Ein Aufstieg des "Bündnis Sahra Wagenknecht" (BSW) hätte große Auswirkungen auf die Sitzverteilung und auch auf die möglichen Koalitionsoptionen. In einem Bundestag mit sechs Fraktionen dürfte es für ein Zweierbündnis aus Union und SPD knapp werden.

Sollten neben Linken auch Abgeordnete des BSW vertreten sein, wäre eine eigenständige Mehrheit ohne dritten Koalitionspartner für Schwarz-Rot voraussichtlich nicht möglich. Die Union müsste dann wohl auch mit den Grünen sprechen. Gespräche mit der AfD hat Merz mehrfach ausdrücklich ausgeschlossen.

Neues Wahlrecht, fixe Zahl an Sitzen

Das neue, von der Ampel-Koalition beschlossene Wahlrecht deckelt die Gesamtzahl der zu vergebenden Sitze zudem auf 630. Die entscheidende Schwelle zur Kanzlermehrheit liegt damit fest bei 316 Sitzen. Bei der zurückliegenden Bundestagswahl 2021 waren noch 736 Abgeordnete in den Bundestag eingezogen.

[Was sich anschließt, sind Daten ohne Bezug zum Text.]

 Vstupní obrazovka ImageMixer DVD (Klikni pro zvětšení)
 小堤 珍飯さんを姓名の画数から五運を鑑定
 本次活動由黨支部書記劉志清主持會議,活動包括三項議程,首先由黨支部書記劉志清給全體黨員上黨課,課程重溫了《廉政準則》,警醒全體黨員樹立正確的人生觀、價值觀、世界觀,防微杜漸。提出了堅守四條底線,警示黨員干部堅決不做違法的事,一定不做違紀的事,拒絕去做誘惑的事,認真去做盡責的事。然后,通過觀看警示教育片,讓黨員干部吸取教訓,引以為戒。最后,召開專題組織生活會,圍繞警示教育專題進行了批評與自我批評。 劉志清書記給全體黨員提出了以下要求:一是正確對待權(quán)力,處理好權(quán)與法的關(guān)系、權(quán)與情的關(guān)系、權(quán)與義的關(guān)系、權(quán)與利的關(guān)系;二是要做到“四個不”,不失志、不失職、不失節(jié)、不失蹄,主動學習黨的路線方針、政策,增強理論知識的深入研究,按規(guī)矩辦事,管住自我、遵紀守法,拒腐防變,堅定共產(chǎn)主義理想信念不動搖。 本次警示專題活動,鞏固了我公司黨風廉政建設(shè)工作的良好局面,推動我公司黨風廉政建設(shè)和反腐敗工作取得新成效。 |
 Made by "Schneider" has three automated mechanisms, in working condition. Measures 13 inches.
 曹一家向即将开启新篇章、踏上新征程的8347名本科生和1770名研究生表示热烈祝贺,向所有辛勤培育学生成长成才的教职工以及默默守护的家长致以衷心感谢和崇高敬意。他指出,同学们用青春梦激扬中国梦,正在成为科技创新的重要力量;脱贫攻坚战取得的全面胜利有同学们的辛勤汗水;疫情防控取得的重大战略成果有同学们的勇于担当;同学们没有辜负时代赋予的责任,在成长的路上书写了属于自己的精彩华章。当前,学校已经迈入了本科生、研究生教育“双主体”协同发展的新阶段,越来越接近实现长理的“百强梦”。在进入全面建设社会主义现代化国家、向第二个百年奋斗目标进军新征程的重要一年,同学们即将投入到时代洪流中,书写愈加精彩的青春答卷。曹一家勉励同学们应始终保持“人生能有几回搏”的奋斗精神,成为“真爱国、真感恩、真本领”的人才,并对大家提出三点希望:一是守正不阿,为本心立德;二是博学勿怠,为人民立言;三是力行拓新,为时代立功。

Mit dem neuen Wahlrecht fallen insbesondere Überhang- und Ausgleichsmandate weg. Die Sitzverteilung orientiert sich zwar in erster Linie weiterhin am Anteil der erzielten Zweitstimmen. Direktmandate, die über die Zweitstimmendeckung hinausgehen, finden bei der Sitzverteilung jedoch künftig keine Berücksichtigung mehr.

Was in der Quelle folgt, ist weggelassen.